Schlagwort-Archiv: Norbert Grudzisnki

Hertha BSC Berlin – 1. FC Nürnberg, Zerstörung einer guten Schiedsrichterleistung

Datum: 25.01.2014
19. Bundesligaspieltag: Hertha BSC Berlin – 1. FC Nürnberg

Ein zu Beginn flottes Spiel, welches in seinem weiteren Verlauf stark an Qualität verlor, jedoch in seinen Schlussminuten den Aufreger des Spieltags beinhaltete.

Verflachung einer Partie mit Raketenstart

Im Spiel der Berliner Hertha gegen, den in die Rückrunde gut gestarteten Club aus Nürnberg, begann ohne jegliche Vorwarnung mit einem Paukenschlag. Ronny brachte einen sehr gut geschlagenen Eckball auf den ersten Pfosten. Dort setzte sich Adrian Ramos gegen zwei Nürnberger – Bewacher durch und köpfte zur 1:0 – Führung für die „Alte Dame“ ein (4.).

Das Spiel lebte von dem tollen Passspiel der Berliner in den Anfangsminuten. Schnelle Pässe fanden immer wieder ihren Weg durch die überforderte fränkische Deckung. Allein der Torschütze, Adrian Ramos, hätte in diesen Minuten die Führung ausbauen müssen (7./10.).

Völlig überraschend und wie aus dem Nichts brachte Markus Feulner die Cluberer zurück ins Spiel und egalisierte mit seinem platzierten Flachschuss, nach einer verunglückten Abwehr der Berliner Verteidiger, die Führung der Gastgeber (20.).

Die anfängliche, von der zeitigen Führung gepushte, Dominanz der Gastgeber war wie weggeblasen. Nun spielte nur noch der 1.FC aus Nürnberg. Aus der nicht nur optischen Überlegenheit der Gäste ergaben sich mehrere gute Chancen für einen Führungstreffer.

Doch dem Wechsel der Tonangabe im Olympiastadion von Berlin nicht genug: gegen Ende der ersten Hälfte übernahmen die Gastgeber wieder das Kommando und setzten die Nürnberger stark unter Druck. Einzig und allein Nürnbergs Schlussmann Raphael Schäfer konnte sich in diesen Minuten gegen eine toll agierende Hertha wehren.

Die abwechslungsreiche und völlig offene Partie verflachte in Durchgang zwei mehr und mehr.

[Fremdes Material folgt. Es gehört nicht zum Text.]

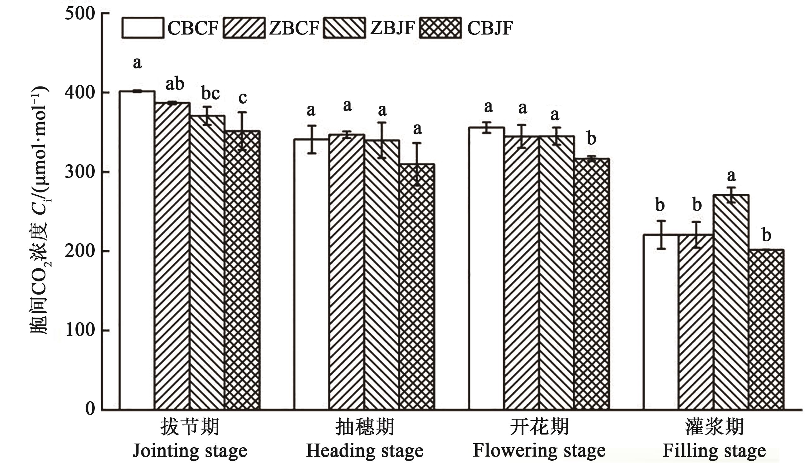 Fig. 2 Intercellular CO2 concentrations at different growth stages under different treatmentsNote: Different lowercase letters in same stage indicate significant differences between different treatments at P<0.05 level.
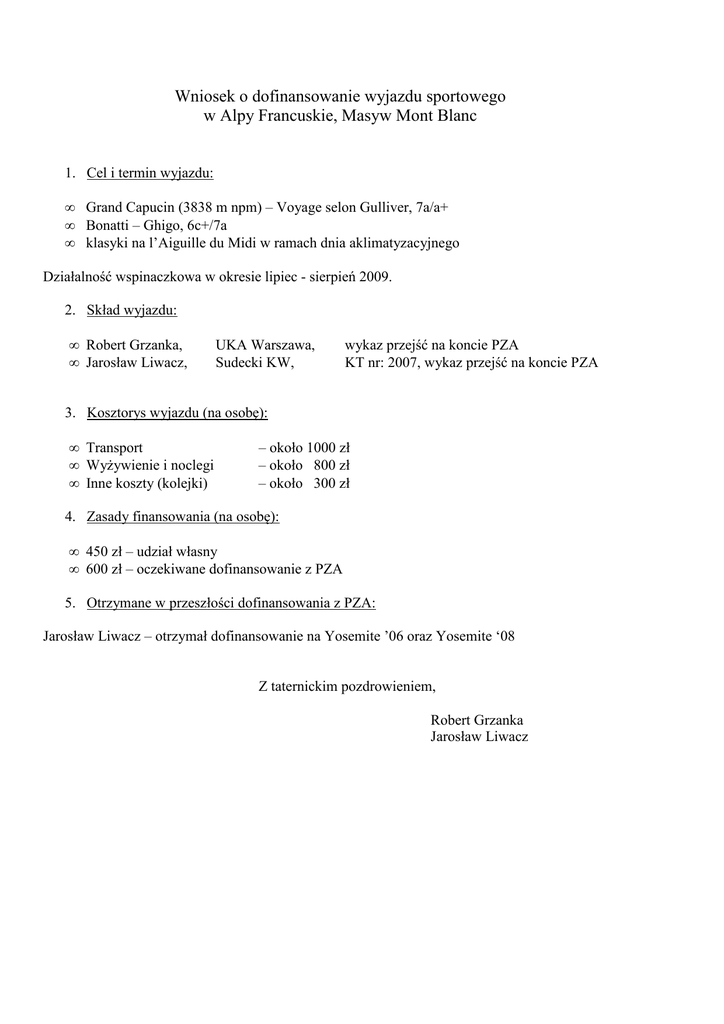 Wniosek o dofinansowanie wyjazdu sportowego w Alpy Francuskie, Masyw Mont Blanc 1. Cel i termin wyjazdu: • Grand Capucin (3838 m npm) – Voyage selon Gulliver, 7a/a+ • Bonatti – Ghigo, 6c+/7a • klasyki na l’Aiguille du Midi w ramach dnia aklimatyzacyjnego Działalność wspinaczkowa w okresie lipiec - sierpień 2009. 2. Skład wyjazdu: • Robert Grzanka, • Jarosław Liwacz, UKA Warszawa, Sudecki KW, wykaz przejść na koncie PZA KT nr: 2007, wykaz przejść na koncie PZA 3. Kosztorys wyjazdu (na osobę): • Transport • Wyżywienie i noclegi • Inne koszty (kolejki) – około 1000 zł – około 800 zł – około 300 zł 4. Zasady finansowania (na osobę): • 450 zł – udział własny • 600 zł – oczekiwane dofinansowanie z PZA 5. Otrzymane w przeszłości dofinansowania z PZA: Jarosław Liwacz – otrzymał dofinansowanie na Yosemite ’06 oraz Yosemite ‘08 Z taternickim pozdrowieniem, Robert Grzanka Jarosław Liwacz
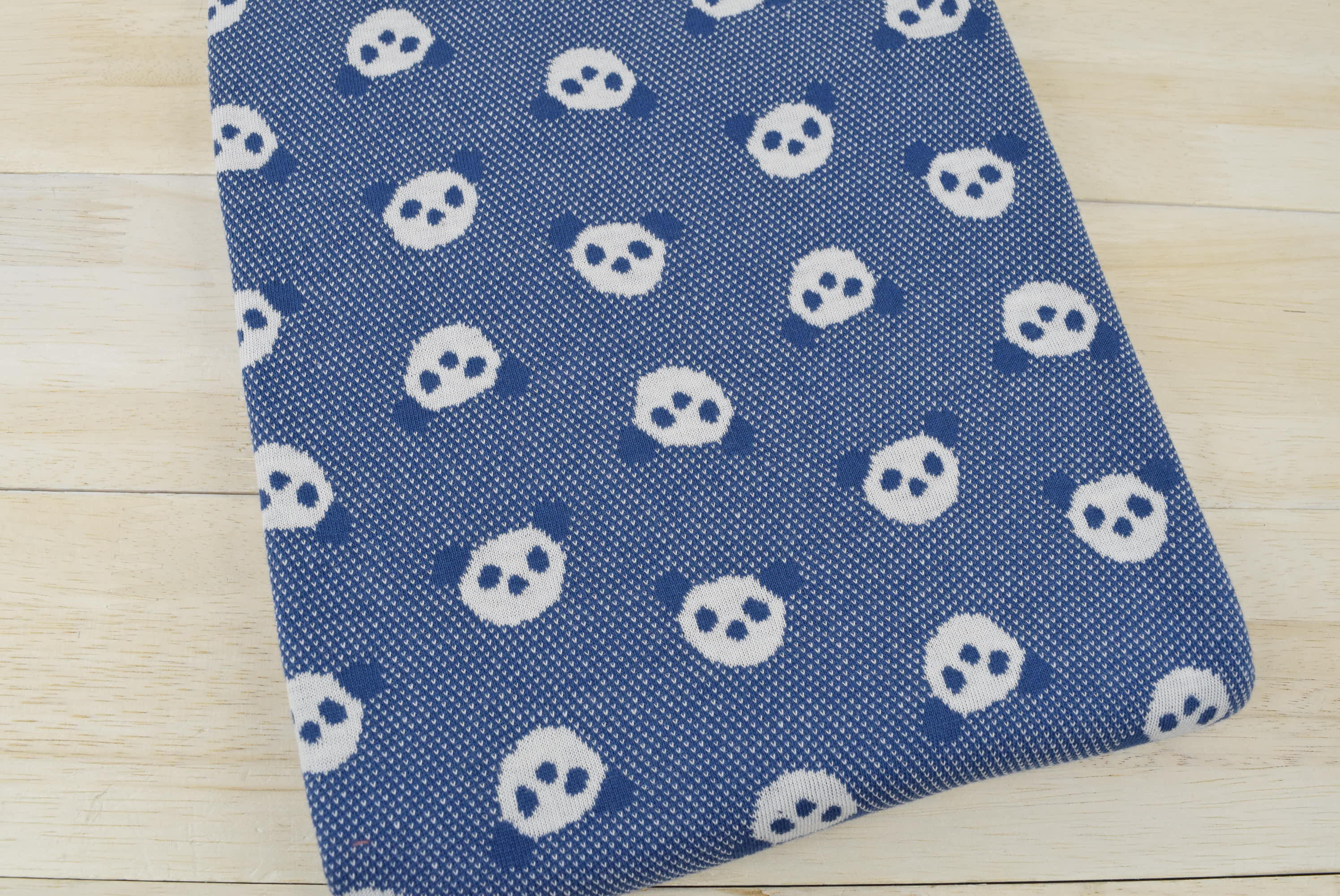 リバーシブルジャガードニット生地 キャンディパンダ柄 色:ジェイブルー/アイボリー
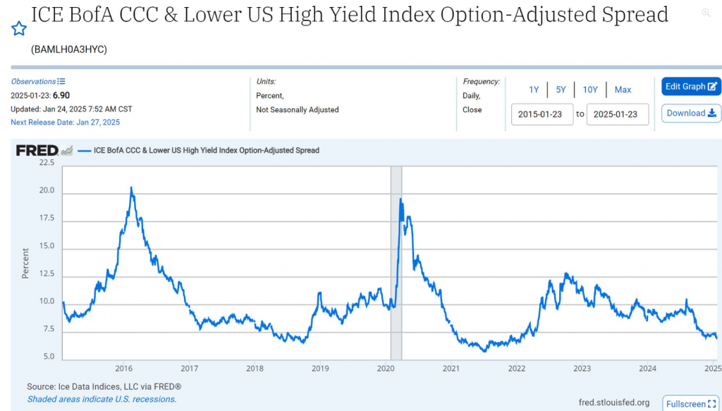 Chính ra nhé, cái mà mình hay lấy làm key indicator (chỉ số quan trọng) cho risky asset nói chung là CCC-spread (chênh lệch lợi suất trái phiếu hạng CCC) đang giảm khủng khiếp từ cuối 2022 tới hiện tại (hiện tại là 6.9%, ngang thời kỳ đầu 2022). Và ngạc nhiên hơn, nó chưa có dấu hiệu dừng lại. Chắc chắn điều này có khả năng chưa dừng khi mà central bank (ngân hàng trung ương) nhìn chung đang thu hẹp cân đối (balance sheet).
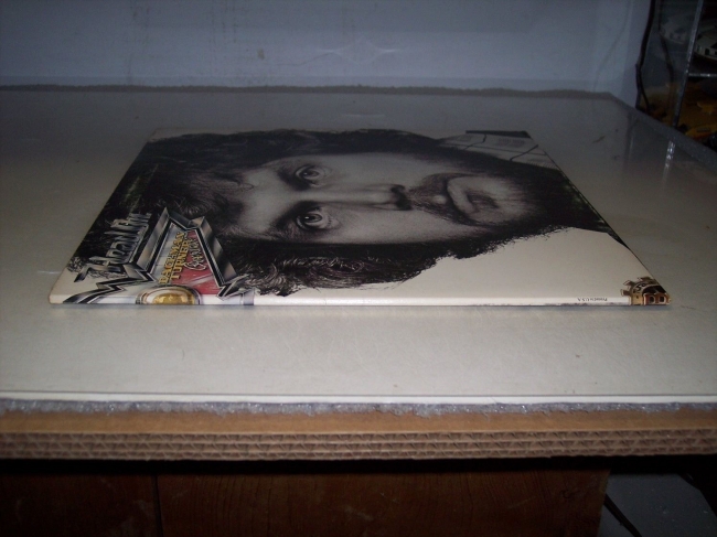 lujosa y preciosa completa 1ª edicion org usa con la curiosa y GIGANTE carpeta con la posiblidad de hacerse DESPEGABLE, entonces se trasforma en un poster gigante con las 4 cabezas de cada uno de los miembros de la banda..!!! tambien contiene el grueso encarte interior a color.
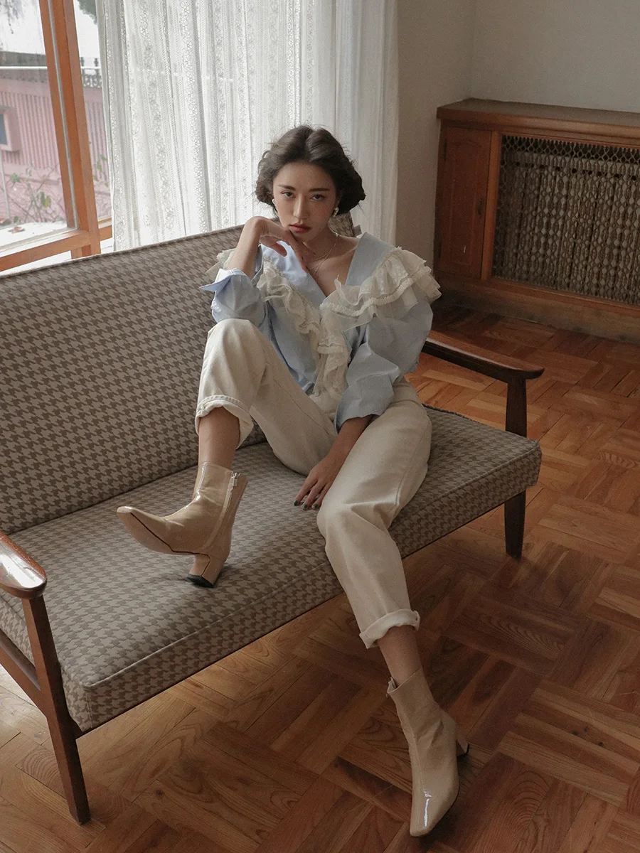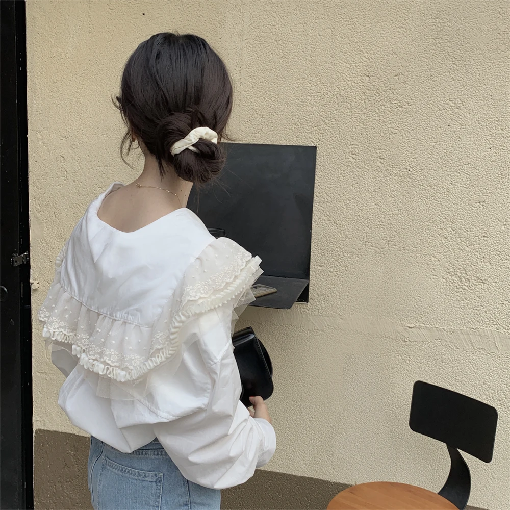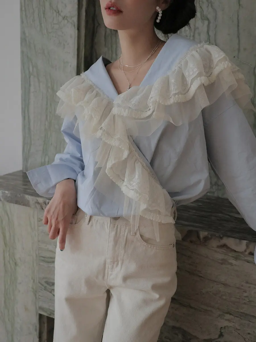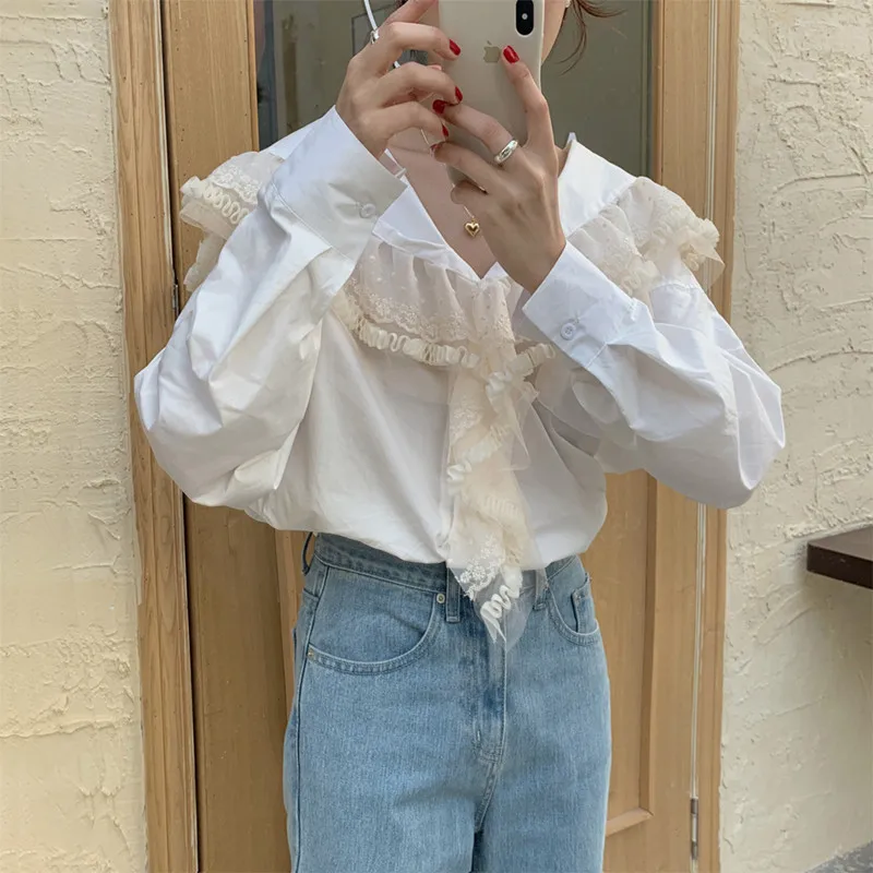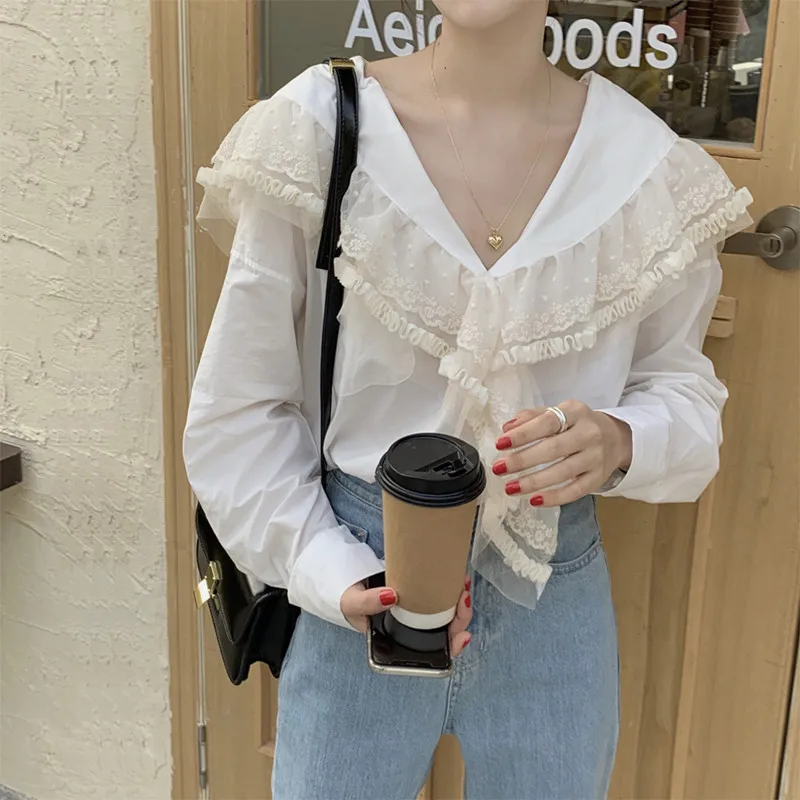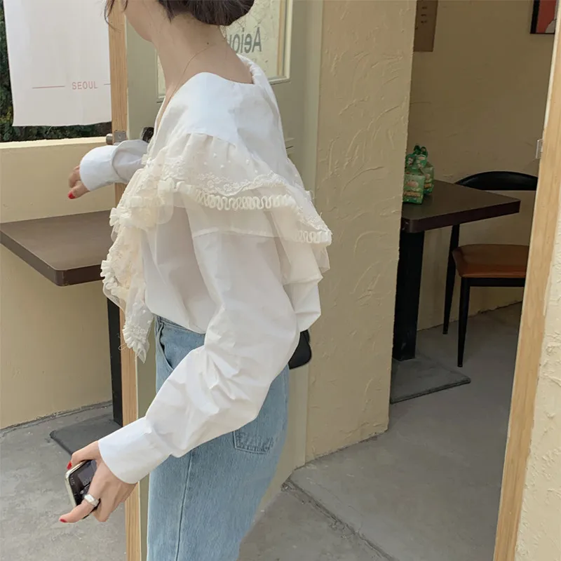 Блузка Alien Kitty Женская с V-образным вырезом, Повседневная рубашка в Корейском стиле, мягкая однотонная модная шикарная блузка с кружевом и оборками, 2021

Geprägt von einer deutlich aggressiveren und ruppigeren Gangart mit vielen kleinen Fouls und einer Mehrzahl von Fehlpässen verlor die Partie zunehmend an Spielfluss.

Doch dann schlug die Stunde des Josip Drmic, welcher nach einem Pfostenknaller Ginczeks, die 2:1 Führung für die Gäste herstellte.

Die Schlussminuten brachten noch einmal Aufregung in die Partie. Nach einer Zurücknahme der Elfmeterentscheidung (88.) für die Gastgeber aus Berlin, zeigte Schiedsrichter Weiner wenige Minuten später auf der anderen Seite auf den Punkt und ebnete so den Weg für den entscheidenden dritten Treffer für die Gäste (90.+4).

Zerstörung einer guten Schiedsrichterleistung

Doch welche Situation ereignete sich in der 88. Spielminute, als der Unparteiische sein schnelle und deutliche Entscheidung zurücknahm?

Der Torhüter der Cluberer Raphael Schäfer konnte einen langen Ball der Berliner nur unzureichend klären, den anschließende Schuss Ronnys klärte, der auf der Linie stehende Petrak klar und deutlich mit der Hand. So auch eine einfache Angelegenheit für den Referee aus Giesen.

Problem an dieser einfachen Elfmeterentscheidung: Schiedsrichterassistent Norbert Grudzisnki, welcher vor dem Handspiel des Nürnberger Verteidigers, auf die Abseitsstellung von Adrian Ramos aufmerksam machte.

Nach einem kurzen beratenden Gespräch der Unparteiischen nahm Michael Weiner seine Entscheidung zurück und ließ das Spiel mit Freistoß für die Gäste fortführen.

Doch mit dieser Fehlentscheidung vermieste sich das sonst souverän agierend Schiedsrichtergespann seine Leistung. Denn es hätte einen Elfmeter und die Rote Karte wegen absichtlichen Handspiels geben müssen, da sich der Berliner Angreifer nicht aktiv und somit nicht strafbar im Moment der Ballabgabe im Abseits befand.

Das Schiedsrichterteam um Michael Weiner brachte hierbei die Berliner um den möglichen Ausgleich in der Schlussphase der Partie.